Let's say I have a Brownian particle of some radius $r_b$ and coefficient of diffusion $D$, freely moving about in a toroidal/doughnut-shaped chamber with inner and outer radius $R_{inner}$ and $R_{outer}$, respectively. As such, the circle that can be rotated to generate the torus has radius $R_{chamber} = \frac{1}{2}(R_{outer}-R_{inner})$, and $r_b < R_{chamber}$, though the particle is not necessarily point-like. Now, let's also say that someone places an invisible, circular reflecting boundary (of radius $R_{chamber}$) somewhere inside the toroid s.t. the Brownian particle can no longer return to a previous position by travelling in a strictly clockwise or counterclockwise fashion around the torus.

Here one should presumably be able to watch the trajectory of the Brownian particle to assign a probability for the location of the reflecting boundary. In practice though, how should one proceed? Provided the particle's diffusion coefficient $D$, how does the one's confidence in the position of the reflecting boundary change over time?

Clarification - The heart of this question is: while it's obviously possible to do so, how does one actually go about mapping the position of a reflecting barrier (of known geometry or not) using the trajectory of a Brownian particle?


If a Brownian motion hits a reflecting barrier like that, it is almost surely going to hit multiple times. In fact, it will almost surely hit in a Cantor set of times and locations, just as an unreflected one-dimensional Brownian motion almost surely returns to the value at $t=0$. This type of behavior almost surely doesn't happen if there is no barrier. The probability that the maximums of an unreflected one-dimensional Brownian motion on disjoint intervals are equal is $0$.

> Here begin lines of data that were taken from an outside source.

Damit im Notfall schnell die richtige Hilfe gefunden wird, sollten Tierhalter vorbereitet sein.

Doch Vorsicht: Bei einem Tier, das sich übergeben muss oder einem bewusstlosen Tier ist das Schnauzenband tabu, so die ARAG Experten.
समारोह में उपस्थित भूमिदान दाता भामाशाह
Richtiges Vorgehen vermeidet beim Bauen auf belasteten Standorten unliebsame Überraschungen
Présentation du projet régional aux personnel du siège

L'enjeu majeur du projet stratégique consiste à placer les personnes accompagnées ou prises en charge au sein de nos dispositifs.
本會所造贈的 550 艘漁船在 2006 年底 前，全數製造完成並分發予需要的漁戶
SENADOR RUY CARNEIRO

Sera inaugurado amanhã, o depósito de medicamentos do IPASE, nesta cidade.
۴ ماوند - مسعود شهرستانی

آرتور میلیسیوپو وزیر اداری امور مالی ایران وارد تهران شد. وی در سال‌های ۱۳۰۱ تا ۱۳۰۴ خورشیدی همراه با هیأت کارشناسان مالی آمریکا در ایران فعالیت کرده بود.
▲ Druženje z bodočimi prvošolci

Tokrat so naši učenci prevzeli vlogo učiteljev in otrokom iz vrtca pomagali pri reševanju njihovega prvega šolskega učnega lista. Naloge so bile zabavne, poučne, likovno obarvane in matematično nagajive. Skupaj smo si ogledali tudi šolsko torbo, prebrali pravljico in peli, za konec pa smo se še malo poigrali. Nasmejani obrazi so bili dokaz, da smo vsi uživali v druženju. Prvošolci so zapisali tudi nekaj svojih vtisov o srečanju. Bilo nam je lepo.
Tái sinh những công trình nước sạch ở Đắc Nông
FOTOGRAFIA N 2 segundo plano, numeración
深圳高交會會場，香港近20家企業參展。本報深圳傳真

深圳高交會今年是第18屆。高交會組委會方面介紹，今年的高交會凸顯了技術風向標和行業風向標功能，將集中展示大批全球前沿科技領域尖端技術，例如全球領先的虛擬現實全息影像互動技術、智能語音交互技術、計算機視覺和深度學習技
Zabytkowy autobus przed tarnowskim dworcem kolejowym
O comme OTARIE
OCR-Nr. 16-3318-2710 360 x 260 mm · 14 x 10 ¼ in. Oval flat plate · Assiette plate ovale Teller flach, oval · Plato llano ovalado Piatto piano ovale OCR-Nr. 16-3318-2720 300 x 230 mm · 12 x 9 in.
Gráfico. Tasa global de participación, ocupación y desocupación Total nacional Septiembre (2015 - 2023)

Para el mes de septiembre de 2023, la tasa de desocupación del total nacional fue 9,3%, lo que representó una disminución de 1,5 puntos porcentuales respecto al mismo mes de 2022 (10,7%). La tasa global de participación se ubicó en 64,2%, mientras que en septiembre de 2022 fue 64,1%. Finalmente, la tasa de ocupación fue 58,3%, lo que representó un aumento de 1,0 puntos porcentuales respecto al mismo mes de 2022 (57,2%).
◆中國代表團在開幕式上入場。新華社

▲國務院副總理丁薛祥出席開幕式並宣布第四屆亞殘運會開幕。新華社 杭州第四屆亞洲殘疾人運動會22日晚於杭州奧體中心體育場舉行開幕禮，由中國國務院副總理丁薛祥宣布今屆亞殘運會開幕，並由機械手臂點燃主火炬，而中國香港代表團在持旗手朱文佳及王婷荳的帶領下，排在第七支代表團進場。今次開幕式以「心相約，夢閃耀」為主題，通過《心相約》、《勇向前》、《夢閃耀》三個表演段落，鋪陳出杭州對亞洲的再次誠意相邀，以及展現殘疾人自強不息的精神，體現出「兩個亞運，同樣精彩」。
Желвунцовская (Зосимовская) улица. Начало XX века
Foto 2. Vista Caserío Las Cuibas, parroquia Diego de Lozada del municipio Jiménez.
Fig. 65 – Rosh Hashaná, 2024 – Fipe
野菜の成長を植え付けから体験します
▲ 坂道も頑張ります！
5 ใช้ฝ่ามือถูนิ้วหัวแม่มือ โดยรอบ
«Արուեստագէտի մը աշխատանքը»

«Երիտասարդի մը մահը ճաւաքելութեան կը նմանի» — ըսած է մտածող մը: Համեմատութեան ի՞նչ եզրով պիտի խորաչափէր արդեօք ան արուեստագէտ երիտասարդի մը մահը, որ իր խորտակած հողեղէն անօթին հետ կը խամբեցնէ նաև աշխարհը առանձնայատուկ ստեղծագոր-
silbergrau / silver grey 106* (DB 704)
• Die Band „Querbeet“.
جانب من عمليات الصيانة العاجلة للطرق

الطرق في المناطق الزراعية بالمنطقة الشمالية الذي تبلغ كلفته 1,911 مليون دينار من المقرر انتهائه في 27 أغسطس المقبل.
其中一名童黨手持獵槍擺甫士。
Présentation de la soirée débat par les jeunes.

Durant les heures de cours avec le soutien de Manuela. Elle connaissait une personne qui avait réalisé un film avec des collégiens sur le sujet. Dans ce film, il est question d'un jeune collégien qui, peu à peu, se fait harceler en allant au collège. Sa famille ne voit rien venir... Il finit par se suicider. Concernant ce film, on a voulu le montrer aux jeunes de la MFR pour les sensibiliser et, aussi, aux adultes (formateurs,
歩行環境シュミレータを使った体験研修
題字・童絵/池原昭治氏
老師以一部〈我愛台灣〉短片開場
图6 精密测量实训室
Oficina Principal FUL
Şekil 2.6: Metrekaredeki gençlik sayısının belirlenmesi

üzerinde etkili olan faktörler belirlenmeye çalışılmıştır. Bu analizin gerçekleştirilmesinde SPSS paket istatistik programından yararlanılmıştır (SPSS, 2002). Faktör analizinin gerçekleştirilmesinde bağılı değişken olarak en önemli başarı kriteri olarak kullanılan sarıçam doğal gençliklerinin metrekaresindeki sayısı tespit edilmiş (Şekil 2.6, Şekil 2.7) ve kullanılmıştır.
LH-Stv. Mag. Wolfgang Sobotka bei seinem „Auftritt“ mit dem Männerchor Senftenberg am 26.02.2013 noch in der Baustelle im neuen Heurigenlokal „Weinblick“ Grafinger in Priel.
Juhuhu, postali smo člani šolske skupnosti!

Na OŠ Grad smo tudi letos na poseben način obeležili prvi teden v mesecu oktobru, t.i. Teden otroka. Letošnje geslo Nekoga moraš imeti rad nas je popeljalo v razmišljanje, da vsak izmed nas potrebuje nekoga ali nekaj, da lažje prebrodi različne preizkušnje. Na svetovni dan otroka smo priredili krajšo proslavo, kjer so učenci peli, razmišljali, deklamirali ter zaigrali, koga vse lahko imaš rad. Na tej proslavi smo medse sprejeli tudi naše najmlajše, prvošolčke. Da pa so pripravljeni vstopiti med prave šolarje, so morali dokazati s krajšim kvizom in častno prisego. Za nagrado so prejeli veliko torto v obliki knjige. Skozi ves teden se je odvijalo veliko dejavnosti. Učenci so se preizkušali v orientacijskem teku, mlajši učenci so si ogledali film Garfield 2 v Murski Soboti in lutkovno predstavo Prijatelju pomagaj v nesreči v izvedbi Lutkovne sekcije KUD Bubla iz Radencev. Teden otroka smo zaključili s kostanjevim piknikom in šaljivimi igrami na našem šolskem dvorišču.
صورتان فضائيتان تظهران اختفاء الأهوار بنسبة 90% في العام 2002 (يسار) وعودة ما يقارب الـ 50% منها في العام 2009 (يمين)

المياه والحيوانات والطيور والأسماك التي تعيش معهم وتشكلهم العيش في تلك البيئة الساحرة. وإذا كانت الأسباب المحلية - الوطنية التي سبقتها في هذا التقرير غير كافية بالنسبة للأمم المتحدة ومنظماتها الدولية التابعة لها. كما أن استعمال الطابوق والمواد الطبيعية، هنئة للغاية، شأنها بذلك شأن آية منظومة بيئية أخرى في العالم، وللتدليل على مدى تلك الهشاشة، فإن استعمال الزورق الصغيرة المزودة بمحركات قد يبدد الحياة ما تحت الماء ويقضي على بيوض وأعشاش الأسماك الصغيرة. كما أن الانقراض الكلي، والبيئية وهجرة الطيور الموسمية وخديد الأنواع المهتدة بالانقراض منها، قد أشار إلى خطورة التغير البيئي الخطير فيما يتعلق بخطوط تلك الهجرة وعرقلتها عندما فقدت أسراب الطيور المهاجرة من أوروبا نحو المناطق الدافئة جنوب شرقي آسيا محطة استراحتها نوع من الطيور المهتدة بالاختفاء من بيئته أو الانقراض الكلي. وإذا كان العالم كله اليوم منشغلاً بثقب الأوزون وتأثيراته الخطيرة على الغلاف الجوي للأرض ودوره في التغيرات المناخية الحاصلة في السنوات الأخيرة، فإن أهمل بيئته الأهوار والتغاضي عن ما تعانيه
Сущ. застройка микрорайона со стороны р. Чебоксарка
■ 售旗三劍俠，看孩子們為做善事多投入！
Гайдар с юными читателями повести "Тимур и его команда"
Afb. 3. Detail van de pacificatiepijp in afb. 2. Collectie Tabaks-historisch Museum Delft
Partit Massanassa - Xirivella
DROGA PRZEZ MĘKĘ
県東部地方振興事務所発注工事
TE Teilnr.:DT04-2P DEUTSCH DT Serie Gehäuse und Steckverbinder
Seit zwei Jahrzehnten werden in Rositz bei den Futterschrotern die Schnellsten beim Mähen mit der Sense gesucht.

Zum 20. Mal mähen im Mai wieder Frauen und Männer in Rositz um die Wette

Let $cw(t)$ be the angle of the plane through the axis which is tangent to the particle on the clockwise side at time $t$, and let $ccw(t)$ be the analogue for the counterclockwise side. If the minimum of $cw(t)$ is achieved multiple times, then almost surely the particle has reflected off a boundary at $\min (cw(t))$. If the maximum of $ccw(t)$ is achieved multiple times, then almost surely the particle has reflected off a boundary at $\max (ccw(t))$. If neither occurs then you have restricted the possible locations of the boundary, excluding an interval $(\min(cw(t)),\max(ccw(t)))$.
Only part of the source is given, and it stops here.